Шрифт:
Интервал:
Закладка:
Леонард Эйлер нагрянул в Адмиралтейство с просьбой: пусть его определят на флот русский.
— Может, на палубах галер я окажу более пользы. Ибо служба на флоте есть дело чести, а где честь — там нет Шумахера!
— По чину в науках, — отвечали ему, — вы давно уже в адмиралах ходите. Каким же рангом определить вас флотски?
— Согласен… мичманом, — скромно сказал великий Эйлер.
— Будьте лейтенантом! При вашей учености, Леонард Павлович, вы скоро станете президентом Адмиралтейств-коллегий…
Русский флот поставил паруса, задвигал веслами и, ощетинясь пушками, грудью встал на защиту ученого… Таковы были перемены. Плохие то были перемены.
А при дворе царицы еще долго спорили:
— Так вот, я и спрашиваю вас: кто же самый умный на Митаве? Пора уже решить этот спор — Кейзерлинг или Корф умнее?
* * *
В метельную ночь в деревне, под Москвой, умирал фельдмаршал России — князь Михаил Михайлович Голицын-старший. Пальцы старого воина уже «обирались», но вдруг глаза прояснели:
— Жезл-то мой… жезл? Кому? Кто подымет из рук моих?
Были при нем в час последний братья его — Дмитрий Голицын (министр верховный) да генерал Михаил Голицын-младший. Знавший одни победы, фельдмаршал вовремя ушел от поражения.
Умер питомец громких побед, герой Нотебурга и Нарвы, Гангута и Гренгама; кровь его пролита в Полтаве и под Выборгом; вождь армий победоносных, он донес русские знамена до льдяных пустынь туманной Лапландии… Теперь всего этого не стало, только остались в полках гвардии петровской славные стяги, пробитые пулями и картечью. Душа фельдмаршала погрузилась в потемки вечности.
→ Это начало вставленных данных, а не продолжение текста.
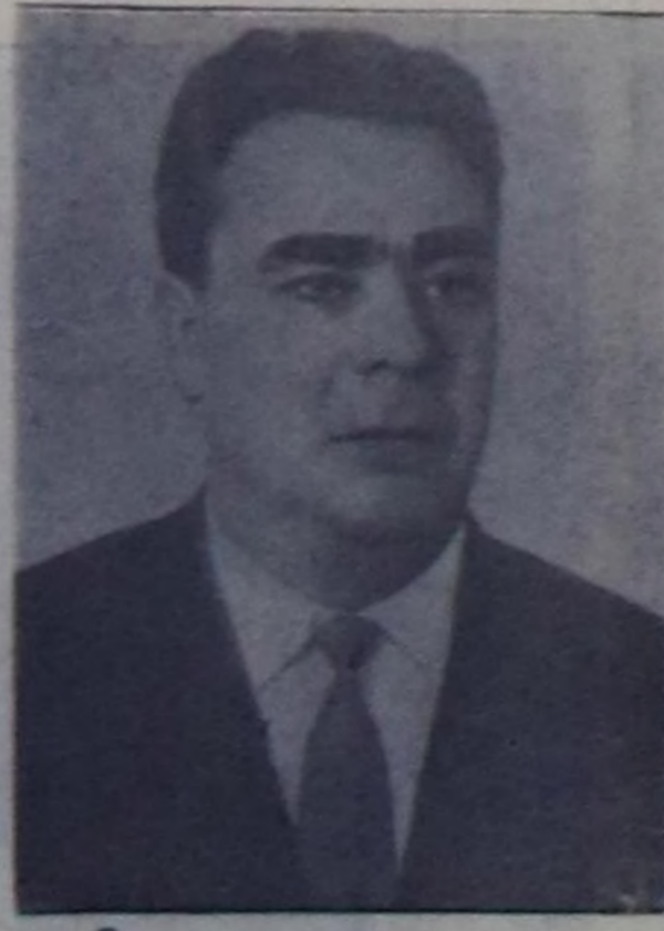
Л. И. Брежнев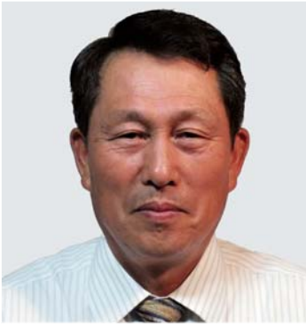
その べ 菌部 はじめ 一 議員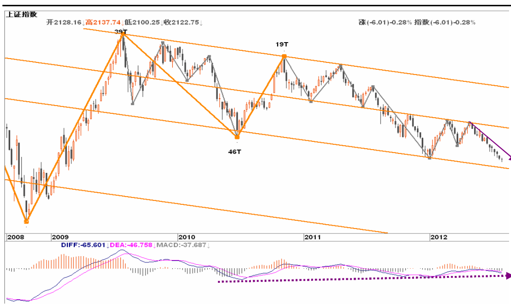
图2-1: 上证周K线图：下跌趋势延续，2050一带有所支撑，可关注位置与趋势背离的共振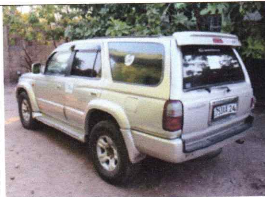
Figure 5.VEHICULE_Plaque :1753AA/24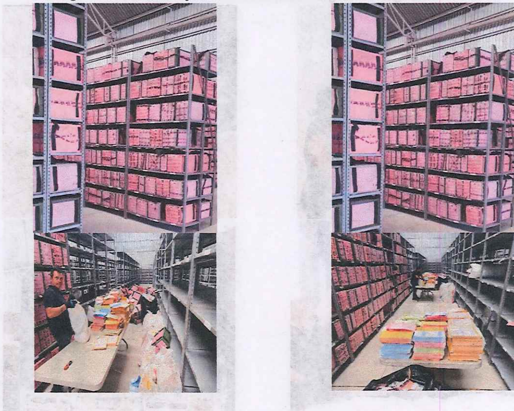
Imagen 8. Extracción y almacenamiento de la Documentación Electoral

Una vez que es extraída la documentación electoral del interior de las cajas paquete electoral, se realiza una revisión general sobre el estado que guardan las mismas, para determinar cuál material puede ser susceptible de reutilizar y cual, por su condición deteriorada, se debe destruir y proceder a su reciclaje correspondiente.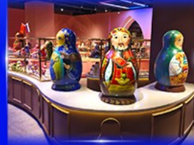
พิพิธภัณฑ์ ตุ๊กตาแม่ลูกดก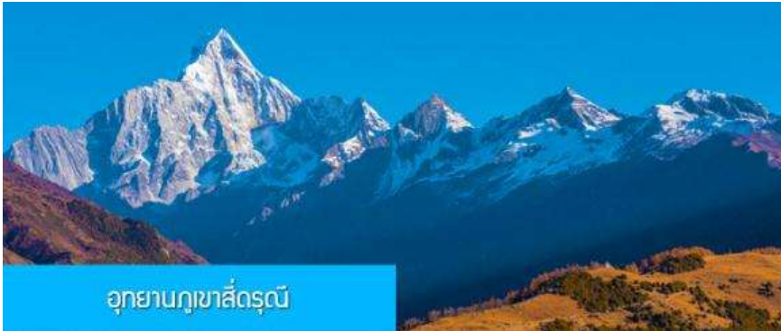
อุทยานภูเขาสี่ครุณี

พักที่ HOLIDAY INN EXPRESS HOTEL โรงแรมระดับ 4 ดาวท้องถิ่น หรือเทียบเท่า ย่านสนามบินเทียนฝู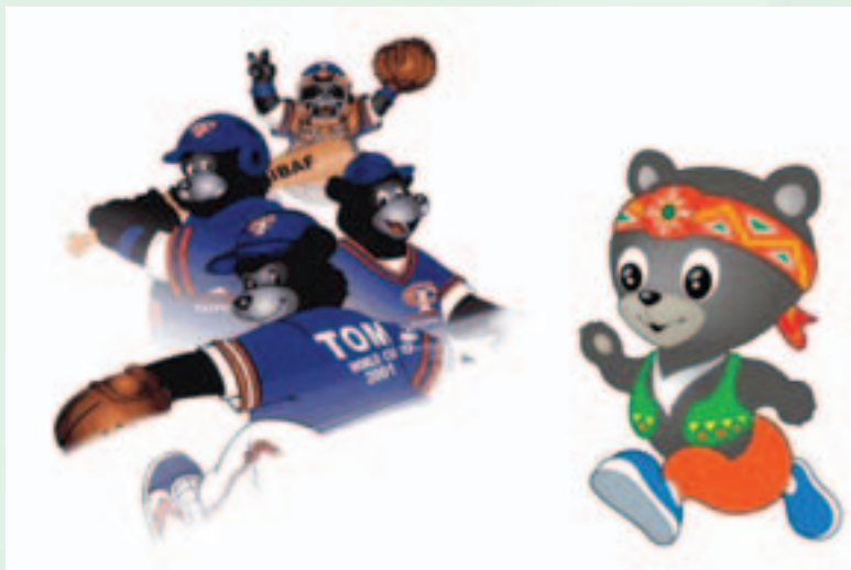
世界盃棒球賽（左）和全國原住民運動會（右）的吉祥物——台灣黑熊。

近年來，台灣黑熊的「人氣指數」逐漸增加，但是一般人對於這種被列入保育類的本土珍稀、最大型的食肉類動物的了解，其實十分有限，有時還充滿誤解。甚至因為曝光率增加，反而讓人誤以為台灣黑熊的保育進展順利，而產生黑熊越來越多的錯覺。這些誤解會成為未來保育瀕危物種的阻礙。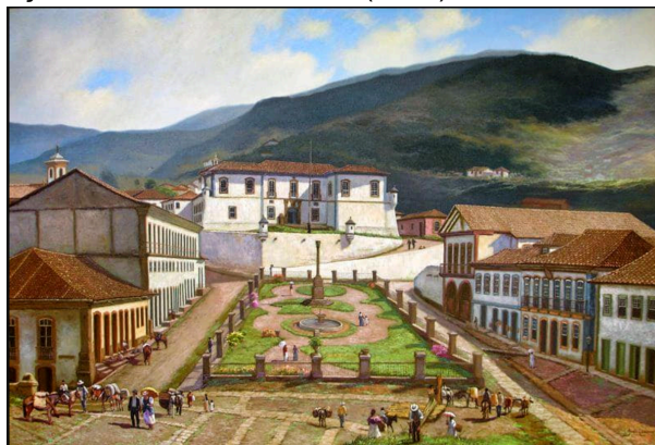
Figura 3 - Praça Tiradentes, Ouro Preto (1885), tela de José Rosário.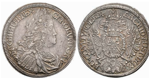
55 1/2 Taler, 1724, Karl VI., Hall, Herinek 486, M./T. 836, ss-vz. 150,—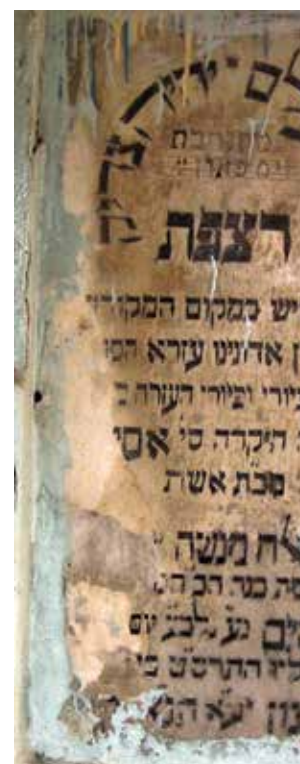
שלט הקדשה בקבר עזרא הסופר ליד בצרה, 2008

לגבול איראן, הועברו בחשאי באמצעות מבריחים מקומיים ואז המשיכו לטהראן; משם ארגנה ישראל את הטסתם ארצה. זרם הבורחים לאיראן הלך וגבר, ובראשית 1950 עברו בנתיב זה אלפי אנשים.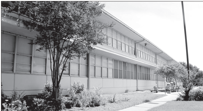
Todas las escuelas del Distrito recibirían actualizaciones de seguridad con cámaras interiores y exteriores.

Para los 21 planteles, los proyectos de renovación variarán por escuela, pero lo que la mayoría tienen en común son renovaciones y actualizaciones como: infraestructura, salones de clase, cafeterías y cocinas, baños, accesibilidad de necesidades especiales y modificaciones especiales a las entradas principales. Estas renovaciones le permitirían al Distrito proporcionar instalaciones que son más equitativas a lo que se ofrece en los distritos escolares vecinos.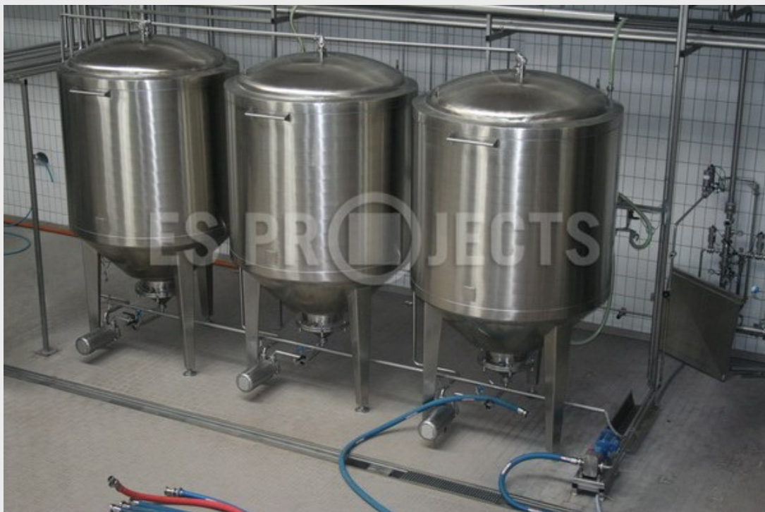
Cuves de levure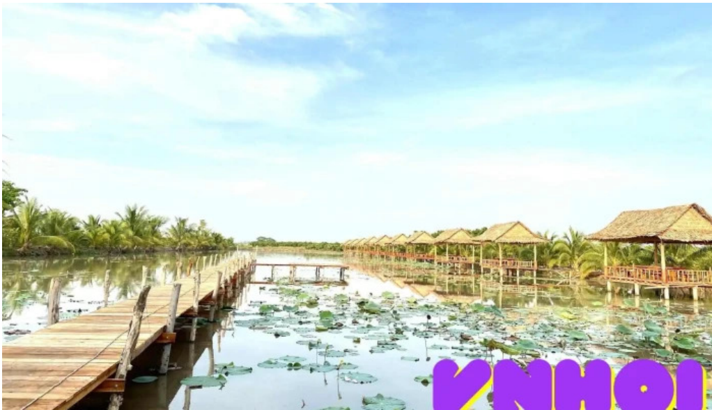
Du lịch sinh thái tiên sen đông thạp tất cả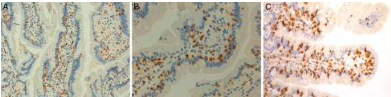
Figura 4. Biopsias duodenales tras tinción inmunohistoquímica para CD3 en las que se evidencia un aumento del número de linfocitos intraepiteliales, sin acortamiento vellositario ni hiperplasia de criptas. A) Aumento del número linfocitos intraepiteliales a lo largo de la vellosidad intestinal (20×), caso 1. B) Detalle del incremento de linfocitos intraepiteliales (40×), caso 2. C) Detalle del cúmulo de linfocitos intraepiteliales en el ápice de la vellosidad intestinal (40×), caso 4, cortesía del Dr. Fernando Casco, Histocitomed.

Estos 4 pacientes tienen espondiloartritis axial, 2 de ellos con espondilitis anquilosante y uno con espondiloartritis psoriásica. Son sensibles al gluten, con clara respuesta clínica a la DSG a pesar de haberse descartado la EC. En 2 casos hay un familiar celíaco. La mejoría del dolor lumbar crónico ha sido muy relevante, hasta el punto de la resolución del cuadro clínico, y en un caso se observa remisión del edema en la RM de sacroiliacas tras un largo tiempo de seguimiento. Además, en los 3 pacientes en que ha habido exposición al gluten, esta ha ido seguida de recidiva clínica. Es improbable que una mejoría clínica como la descrita sea debida a casualidad o a efecto placebo. La observación de la linfocitosis intraepitelial junto con la evolución clínica apoya el concepto de espondiloartritis enteropática por SGNC. La figura 4 muestra las biopsias duodenales de los casos 1, 2 y 4, en las que se observa un aumento de los linfocitos dentro del epitelio intestinal.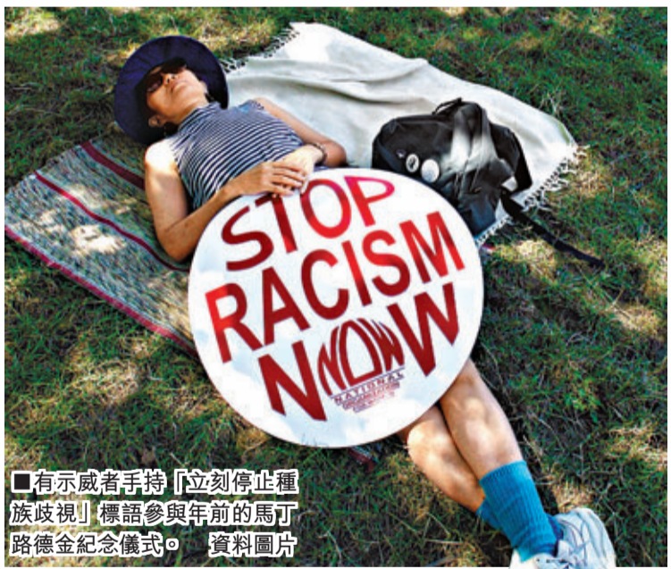
有示威者手持「立刻停止種族歧視」標語參與年前的馬丁路德金紀念儀式。資料圖片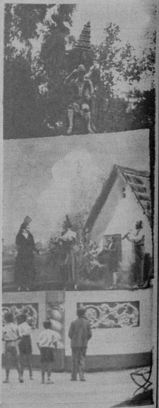
Madrid.—La falla «Valencia saluda a Madrid», que ha sido quemada en la fiesta organizada por el Círculo de Bellas Artes, celebrada en el Retiro.

К выпавшему жезлу протянулись сразу две руки — принца Людвига Гессен-Гомбургского и Миниха, сидевшего в Петербурге.
— Я более принца того достоин, — честно заявлял Миних.
Деревенька Гнилые Мякиши по-над самой речкой. Из сугробов, под берегом, торчат жесткие перья камышей. Присели в снегу избенки мужичьи. Потихоньку светает…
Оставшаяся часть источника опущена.